• Jeanne Marie

Performers Edge Dance Center’s Students Express Coronavirus Impact through Dance

Updated: Nov 27, 2020

Students at Performers Edge Dance Center, a dance studio in Davenport, Florida, have been back to taking dance classes for about 5 months after quarantining during the initial outbreak of COVID-19.

Studio owner, Amie Hollborn, took some time to sit down with her students one day in order to discuss their experiences, feelings about the global event, and emotions surrounding returning to dance classes, according to Hollborn.

Hollborn shares, that she found many of her students’ responses to be inspiring and mature beyond the average young teenage response.

According to the Center for Disease Control, preteens and teenagers most often react to emergency situations by pulling away from social activities and acting out due to difficulty in talking about the overwhelming emotions they’re experiencing.

However, upon returning to the studio, PEDC’s students tell how, even when ranging in ages and quarantine experiences, they had done a lot of self-reflection during the time at home and were extremely happy to return to their dance practices.

Students around this age, developmentally, are focused on the social structures typically forming in their lives outside of the home setting, according to an article written for Children & Schools.

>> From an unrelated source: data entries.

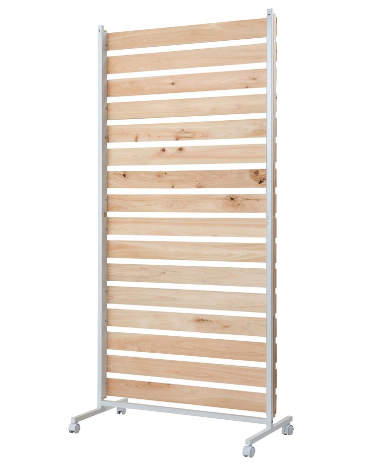 間仕切りパーテーションに、仕切るだけでなく、飾る・掛けるをプラスし、ヒノキを贅沢に使用した癒しのキャスター付き間仕切りパーテーションが新登場!
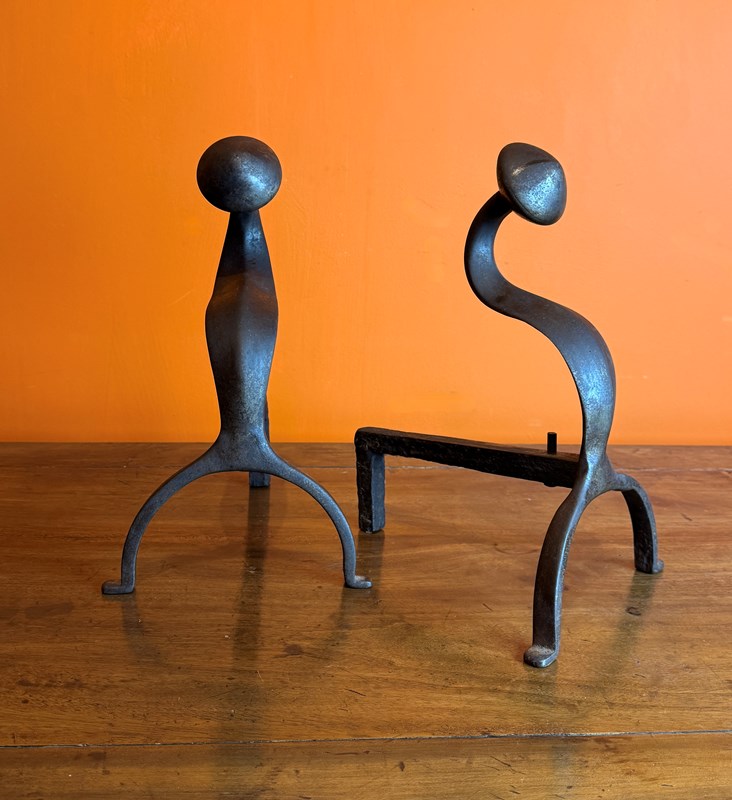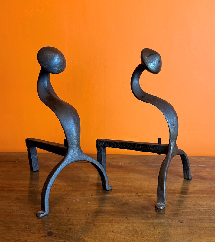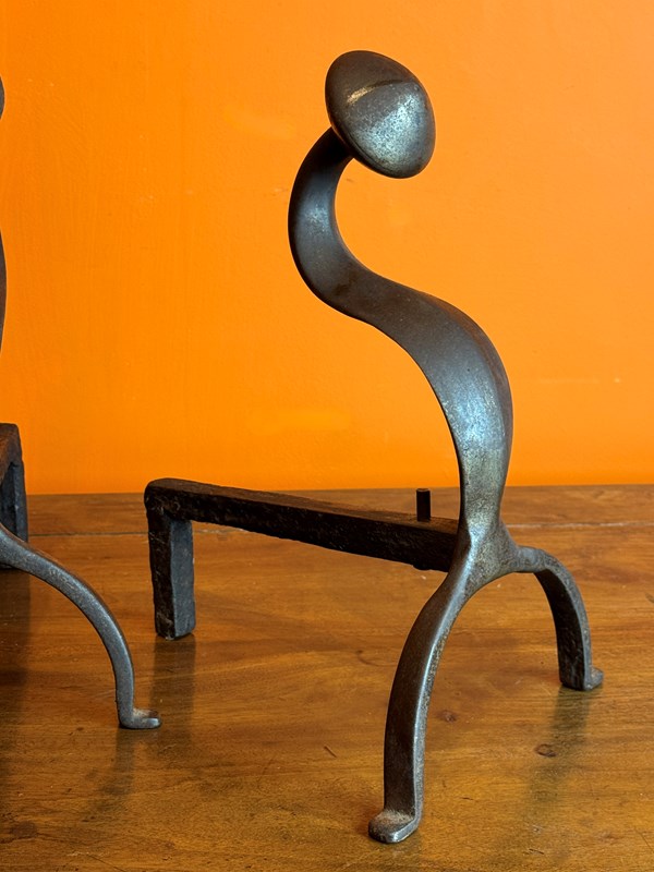 A pair of Arts & Crafts wrought iron andirons of sinuous form, early 20th Century.
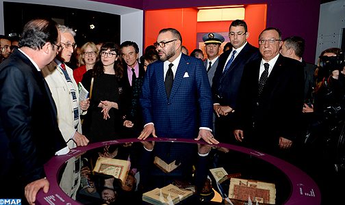 الملك والرئيس الفرنسي يقومان بزيارة معرض “كنوز الاسلام بافريقيا ،من تمبوكتو الى زنجبار” المقام بمعهد العالم العربي
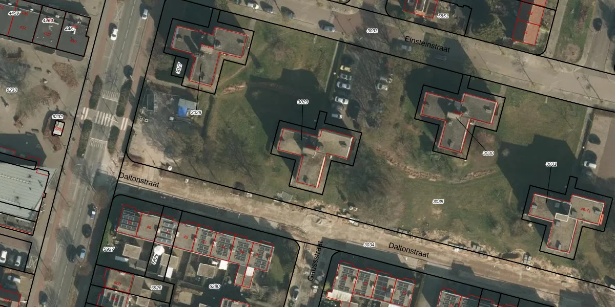 Het perceel waarop Einsteinstraat 109 staat heeft een oppervlakte van 426 m². Dit is een groot perceel. De perceeloppervlakte wordt geregistreerd door het Kadaster. Gedetailleerde informatie over de maten van dit perceel kunt u vinden in het rapport Kadastrale kaart met maatvoering van Einsteinstraat 109.
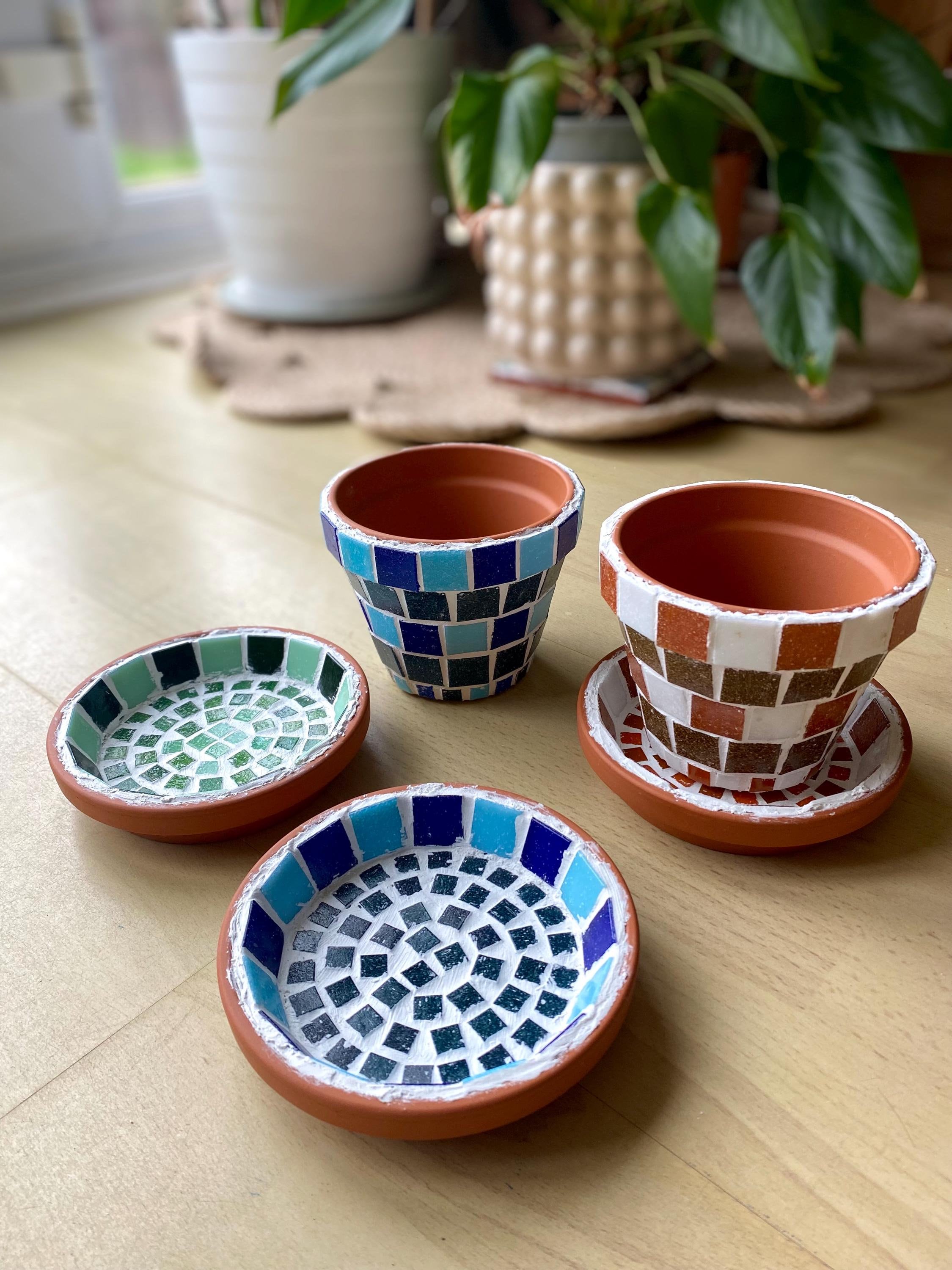 Mosaic plant pot and stand | plant pot | terracotta pot | mosaic po...

The article continues on to say that the focus on separation from family structure and creating peer groups, as well as a development of social and emotional regulation can be heavily disrupted when those students face a traumatic event.

Not only is COVID-19 potentially one of the first global disasters these students are facing but due to the nature of how the virus spreads, an article written by the CDC recommends staying inside the home and at least 6 feet away from another person when outside the home.

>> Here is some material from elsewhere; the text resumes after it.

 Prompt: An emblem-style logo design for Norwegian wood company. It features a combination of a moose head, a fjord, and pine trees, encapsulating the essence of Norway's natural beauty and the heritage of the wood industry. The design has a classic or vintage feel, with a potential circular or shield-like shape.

Teenagers and preteens who are at this developmental stage are simultaneously experiencing a traumatic event while also being pulled from the social situations that assist in their development into adulthood for their safety and the safety of the public.

Assisting middle adolescence in this transition can be difficult for caregivers as they attempt to adjust themselves according to an article by the National Association of School Psychologists.

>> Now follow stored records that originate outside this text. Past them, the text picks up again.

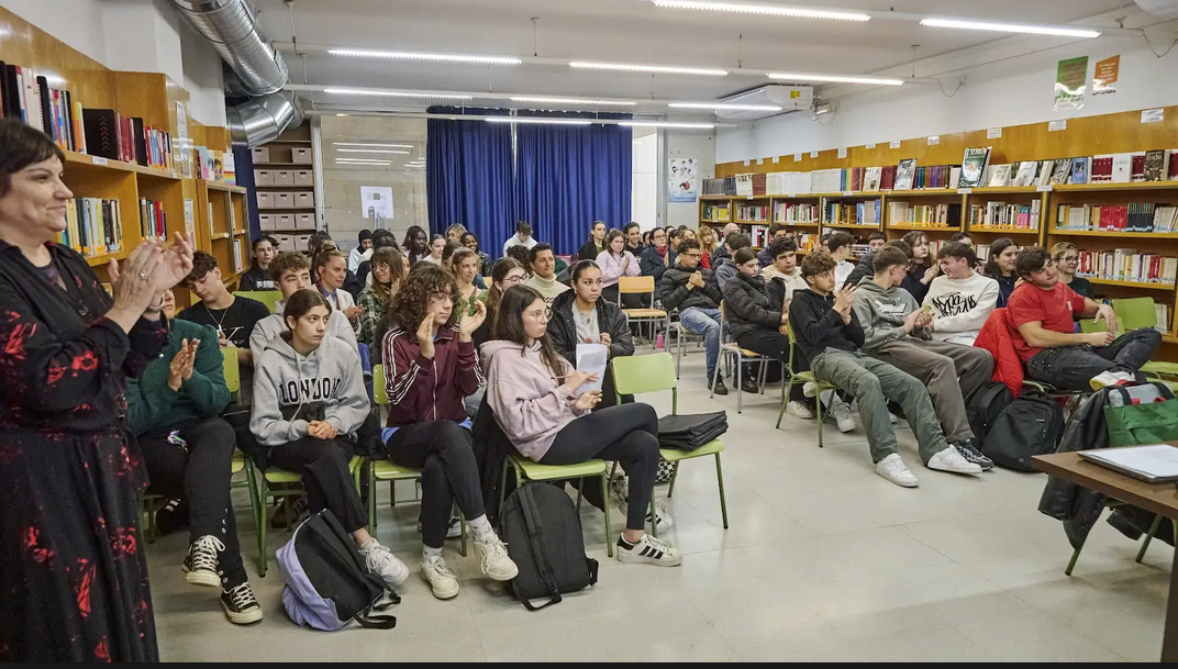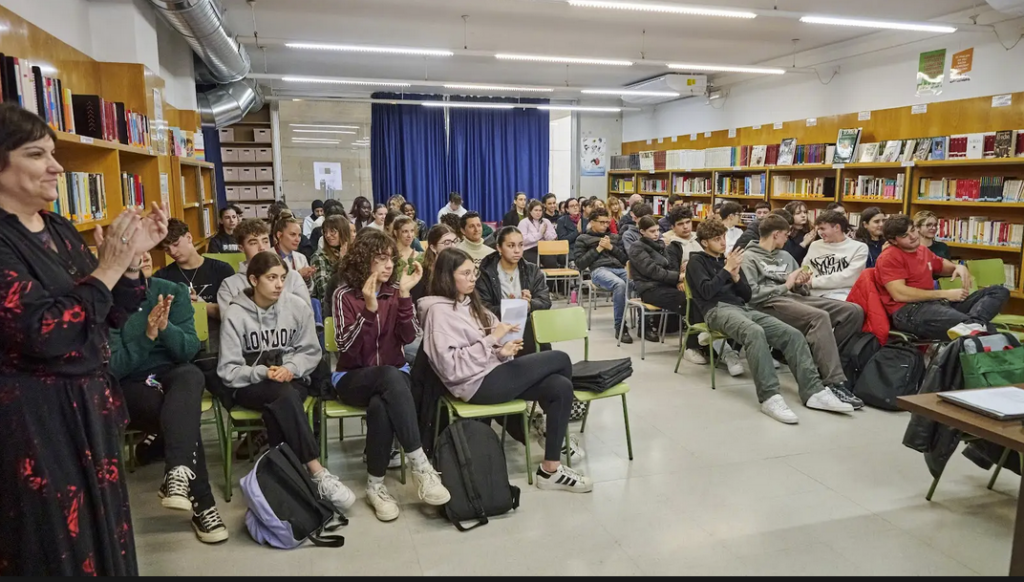 En l’acte, que ha tingut lloc a la biblioteca, i després de la lectura d’un text de presentació magnífic llegit per la professora Raquel Gancholas, els alumnes de l’assignatura de Creació Literària Oumou Bah, Rocío Besós, Andrei Dumitrescu, Nil Parral i Inés Reyes  ens han llegit diverses composicions poètiques elaborades per ells mateixos. Tots hem quedat fascinats per la gran qualitat dels seus escrits i per la magnífica manera de llegir-los.
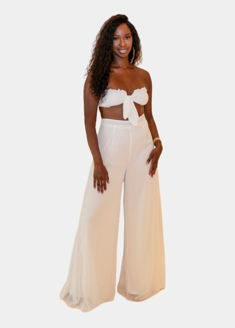 The eye-catching Alani Pants are as versatile as they are stylish, effortlessly transitioning from a chic dinner outfit to a breezy vacation look. The lightweight chiffon fabric offers a graceful, flowing silhouette that moves beautifully with every step.
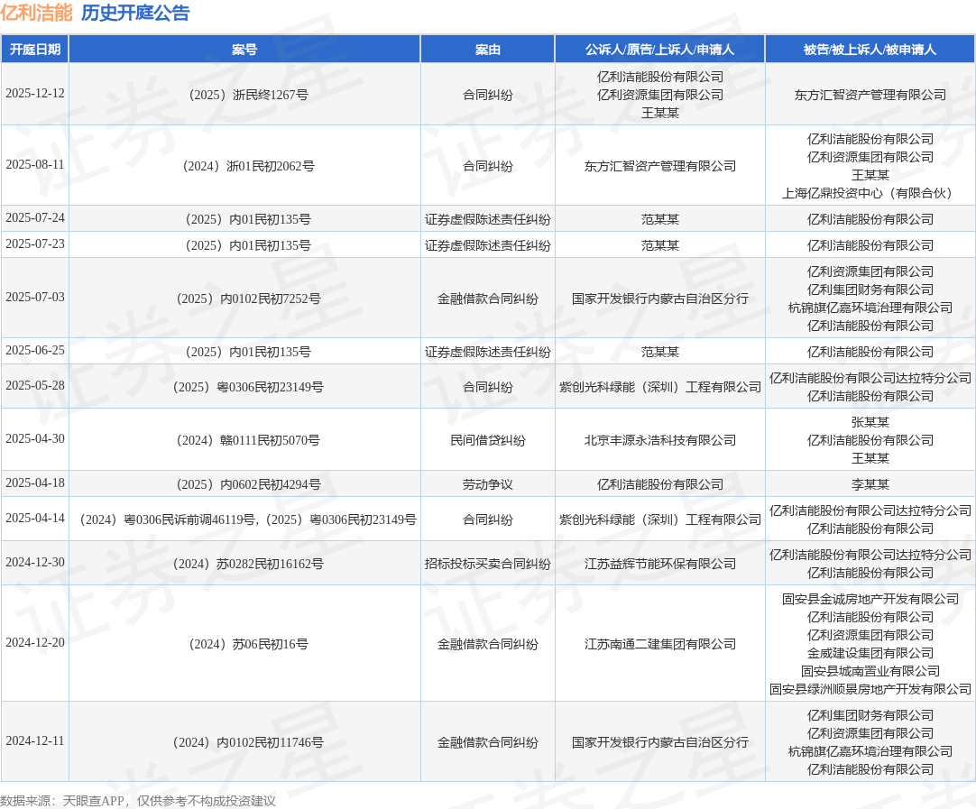 根据统计,近一年内以亿利洁能股份有限公司为当事人的历史开庭公告有13则,其中案由为“合同纠纷”的公告以4则居首,其次为“证券虚假陈述责任纠纷”有3则,“金融借款合同纠纷”有3则。历史开庭公告如下:
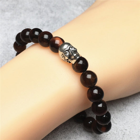 Bold Skull Red Tiger Eye Handmade Gemstone Crystal Bracelet
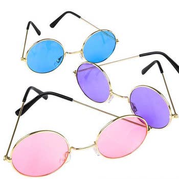 Circle large lens with gold frame and assorted colors. Pre-packed Assorted Dozen (12 pcs) - Frame Material: Copper Alloy - Lens Material: Polycarbonate
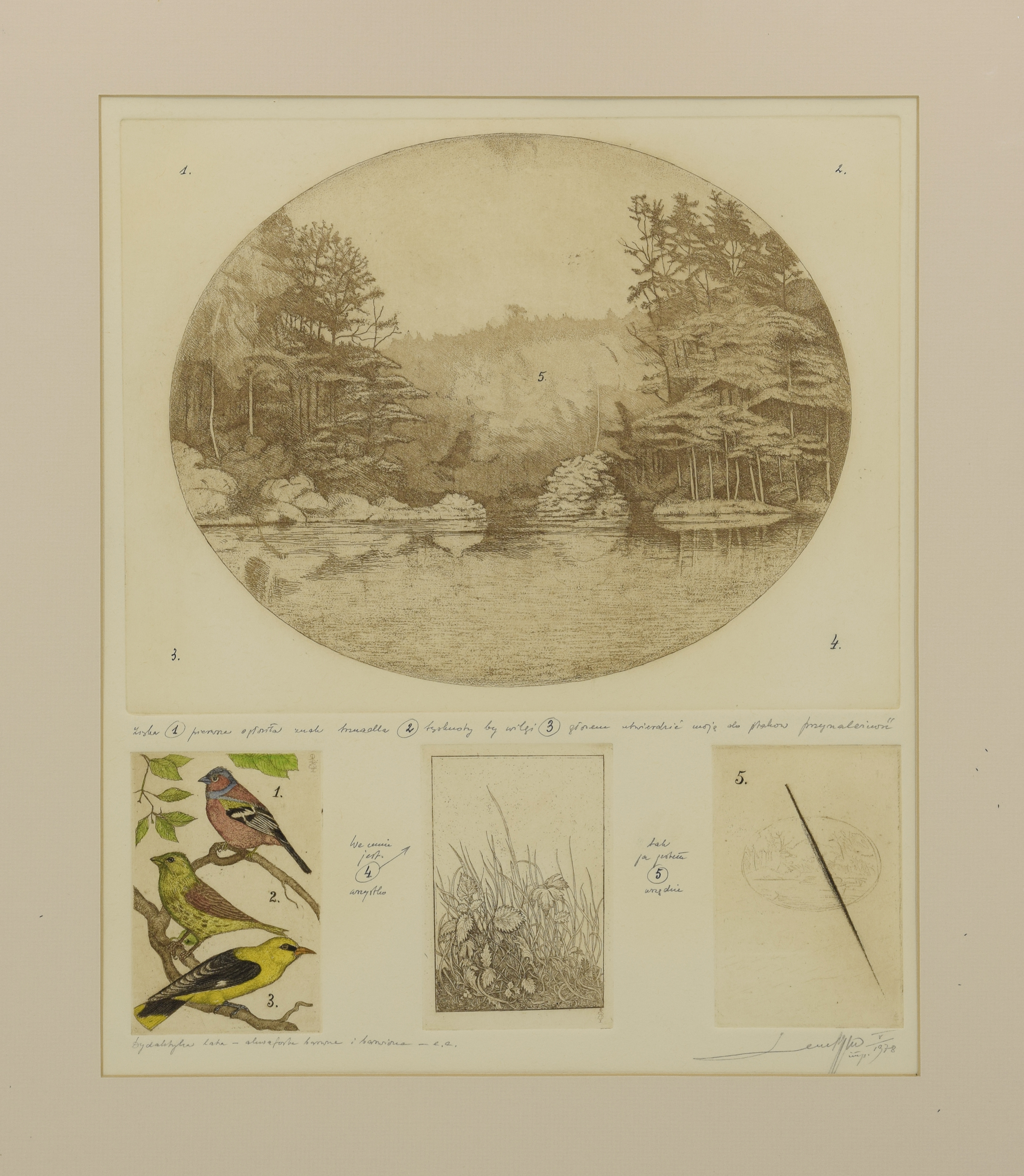 akwaforta barwna, papier; 41 x 34 cm (wymiar arkusza z 4 kompozycjami w świetle oprawy);

However, the article does give some tips for how to best aid children and teens during this difficult transition.

The first suggestion by the National Association of School Psychologists is to “Stay calm, listen and offer reassurance.”.

Adults who acknowledge the situation with their children, explain how they may keep themselves safe, listen and acknowledge the child’s own fears while remaining calm can help to reduce the children’s anxiety, according to the article.

The article also suggests being factual and honest while having age-appropriate conversations, which for teens and preteens, can contain more in-depth information, encouraging them to verbalize their internal experiences and allow them to assist in the decision-making surrounding home activity scheduling.

Allowing the teens to be involved in the structure of the family schedule allows the adolescent to feel some control over their lives while creating a structured environment to engage in, according to the article.

Lastly, the article places a focus on staying connected to the school districts the child participates in.

Staying connected with learning resources to assist in any at-home education, communicating with teachers who can help keep learning on track, and allowing them to find new ways to connect with their school peer groups can continue to add structure while navigating how to continue developing their social worlds during a time of physical separation.